FIG. 3A illustrates the logic gate of FIG. 1 with a latch 300 on the output. One common configuration for the output latch 300 is illustrated in FIG. 3B. In FIG. 3B, the transistors forming the inverters 306 and 308 are relatively small so that the output of inverter 306 can be overdriven by inverter 114 (FIG. 3A). In FIG. 3B, with switch 304 conducting, for a low-to-high transition (that is, when logic 108 evaluates to discharge node 110), there is some delay due to the finite resistance of switch 304 followed by additional delay as inverter 306 "fights" to prevent the input 112 from rising. Therefore, the circuit of FIG. 3B adds some delay before the result of an evaluation propagates to downstream logic. An improvement is shown in FIG. 3C. With cross-coupled NOR gates 310 and 312 as illustrated, the clock 100 will go high for the evaluate state substantially earlier than a transition on input 112 resulting from evaluation. Then, input 112 only needs to change the state of a single transistor with no "drive fights." However, there is still some delay. When data is latched after evaluation, the data must be stable for a period of time before the latching clock transition, called a set-up time. For example, for the circuit of FIG. 3B, the data must be stable sufficiently early to permit a delay through switch 304 before clock 100 falls. The latch of FIG. 3C does not have a set-up time requirement. Referring again to the timing diagrams of FIGS. 2A and 2B, in general, evaluation must be complete sufficiently earlier than the worst case early fall time 204 of clock 100 to account for worst case latch set-up time and any series delay between the evaluation node and the latch.

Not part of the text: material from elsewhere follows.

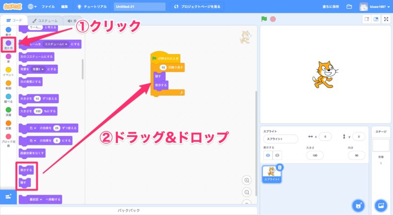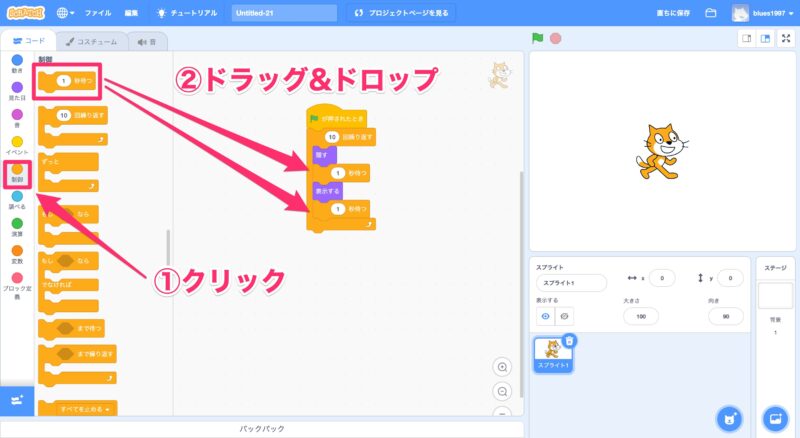 「制御」をクリックして、「1秒待つ」を2回ドラッグ&ドロップしてください。

An additional requirement for logic gates is testing. It is common to include circuitry to capture the state of internal circuitry and to bring the captured states out to a test pin where the states are serially read. In addition, test circuitry may be used to control the state of internal circuitry. A commonly used standard for such test circuitry is IEEE Std. 1149.1-1990, IEEE Standard Test Access Port and Boundary-Scan Architecture, available from The Institute of Electrical and Electronic Engineers, Inc., 345 East 47th Street, New York, N.Y. 10017-2394. IEEE Std. 1149.1 defines a standard serial interface through which test instructions and test data are communicated. The technique involves the inclusion of a shift-register stage adjacent to each node of interest so that signals at nodes of interest can be controlled and observed. The special shift-registers and test instructions can be used in isolated component testing and in testing individual components assembled into larger systems. In general, there is a need to minimize the overhead of the circuitry required to observe and control internal logic nodes through boundary scan testing. Preferably, instead of additional shift-register stages dedicated to testing, output latches as illustrated in FIG. 3A (300) are also used for boundary scan testing. However, testing typically requires more complex latches than those illustrated in FIGS. 3B and 3C. In particular, the observed output needs to be latched before the output is changed (controlled) by the test system, typically requiring a master/slave latch arrangement. In addition, in FIG. 1, if the clock is stopped, node 110 cannot be controlled if the precharge transistor 102 is on or if the logic evaluates to discharge node 100 and the evaluation transistor 106 is on. Therefore, a bidirectional isolation switch (as in switch 304 of FIG. 3B) is required between node 110 and the node being controlled. An isolation switch adds delay.
There is need for an improved dynamic logic gate with: (1) relaxed timing requirements for the completion of upstream evaluation (2) output holding during the precharge phase, and (3) simplified observability and controllability.